Nach dem 16.06. dürfen also nur noch "Neue" Dialer im Netz sein.

Viele Grüße

Amtsblattleser


----------



## Anonymous (1 März 2005)

Nachtrag:



> TKG § 152 Abs.1 i.V.m. § 43b Abs. 5; hier: Modifizierung der Verfügung 54/2003 für Dialer, deren Bezug, Installation, Aktivierung oder Verbindungsherstellung mittels eines Endgeräts mit grafischer Benutzeroberfläche erfolgen



Verfügung 04/2005

Gruß, 

Amtsblattleser


----------



## Anonymous (1 März 2005)

WOW super - endlich gibt es bald keine Dialerseiten mehr !!!

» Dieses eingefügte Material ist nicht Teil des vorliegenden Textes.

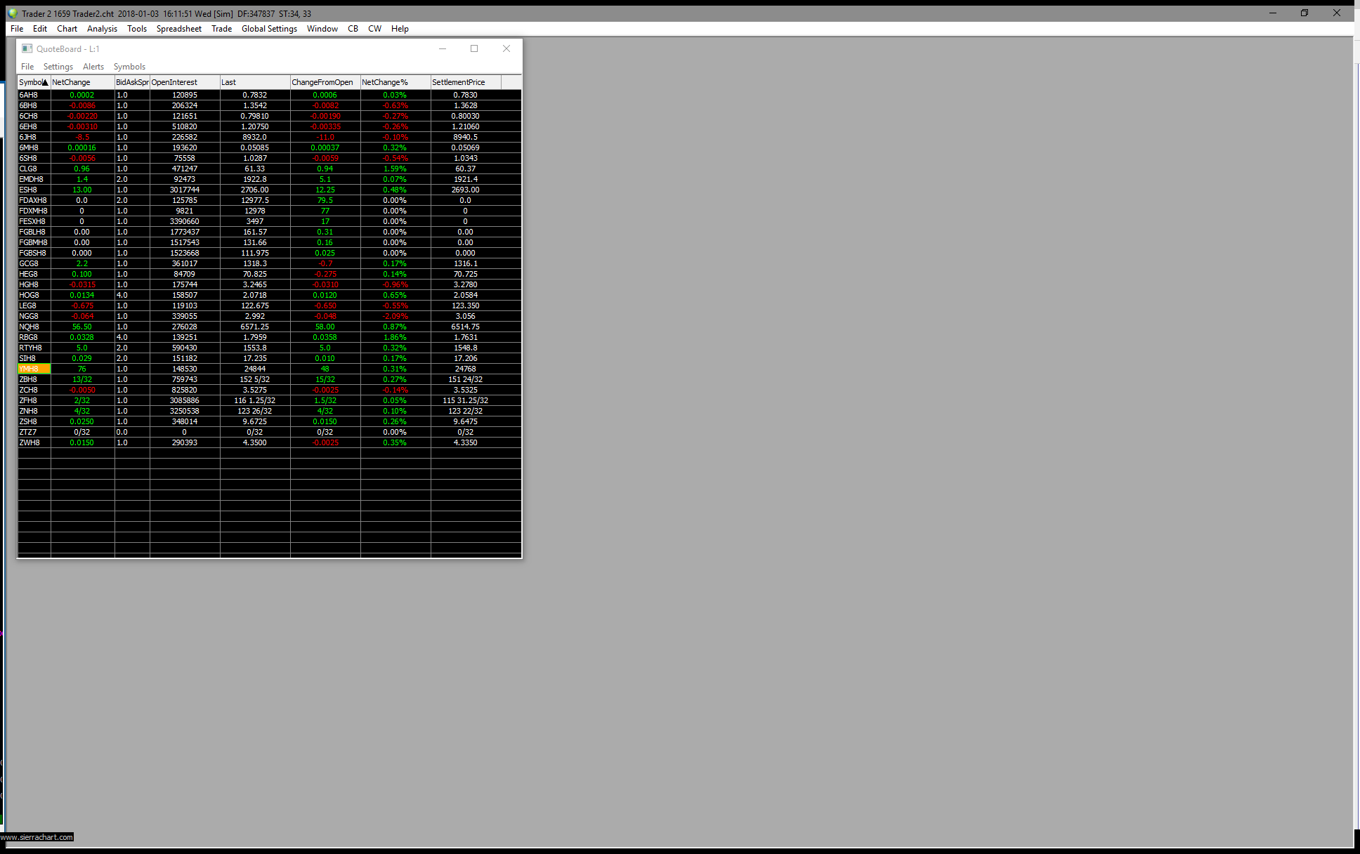 Eurex net change fields are showing 0.0 today. Yesterday they were showing values which were incorrect. Attached image of Quoteboard was taken a few minutes ago after I had logged off and back on. Please advise if you find a solution http://www.sierrachart.com/image.php?Image=1514995911338.png |

Aber wieso denn 16.06 ?  Wenn das Gesetz am 16.2. verabschiedet wurde und die Übergangsfrist 3 Monate ist, dann müsste das doch am 16.5 schon sein  :lol:   - oder wird 1+3 zusammengezählt ?
Was steht denn genau im Amtsblatt ?  Kann man das vielleicht auch online wo lesen ?  Wieso wurde diese erfreuliche Botschaft bis jetzt noch nirgends gepostet ?


----------



## Captain Picard (1 März 2005)

Anonymous schrieb:
			
		

> WOW super - endlich gibt es bald keine Dialerseiten mehr !!!


Wieso, Dialerseiten wird es nach wie vor geben, ob sie noch "rentablen" Zuspruch erhalten,  
wird sich dann zeigen....(Wenn sie alle so "wertvoll" sind , wie  immer behauptet wird, 
sollte es  ja keinerlei  Umsatzeinbruch geben....) das Amtsblatt gibts leider nicht kostenlos...
http://www.regtp.de/schriften/regtp/index.html

cp


----------



## Anonymous (1 März 2005)

Echt schade, daß es das Amtsblatt nicht online gibt. Fragt sich nur, ob nun der 16.5. oder 16.6. das Datum ist wann das neue OK Fenster spätestens online geht. Vielleicht kann man ja laut dem Amtsblatt etwas herauslesen.

Danke !


----------



## sascha (1 März 2005)

Es wird dazu entweder heute noch, spätestens aber morgen eine Veröffentlichung von uns dazu geben. Siehe dann auch bei Dialerschutz.de unter Aktuelles und bei Computerbetrug auf der Startseite.


----------



## dvill (1 März 2005)

Dann hier lesen.

Dietmar Vill


----------



## Anonymous (1 März 2005)

Tja wenn es irgendwann keine richtigen Dialer mehr geben sollte dann wird es andere abrechnungsmethoden geben.
Lastschrift wird wieder richtig in Mode kommen.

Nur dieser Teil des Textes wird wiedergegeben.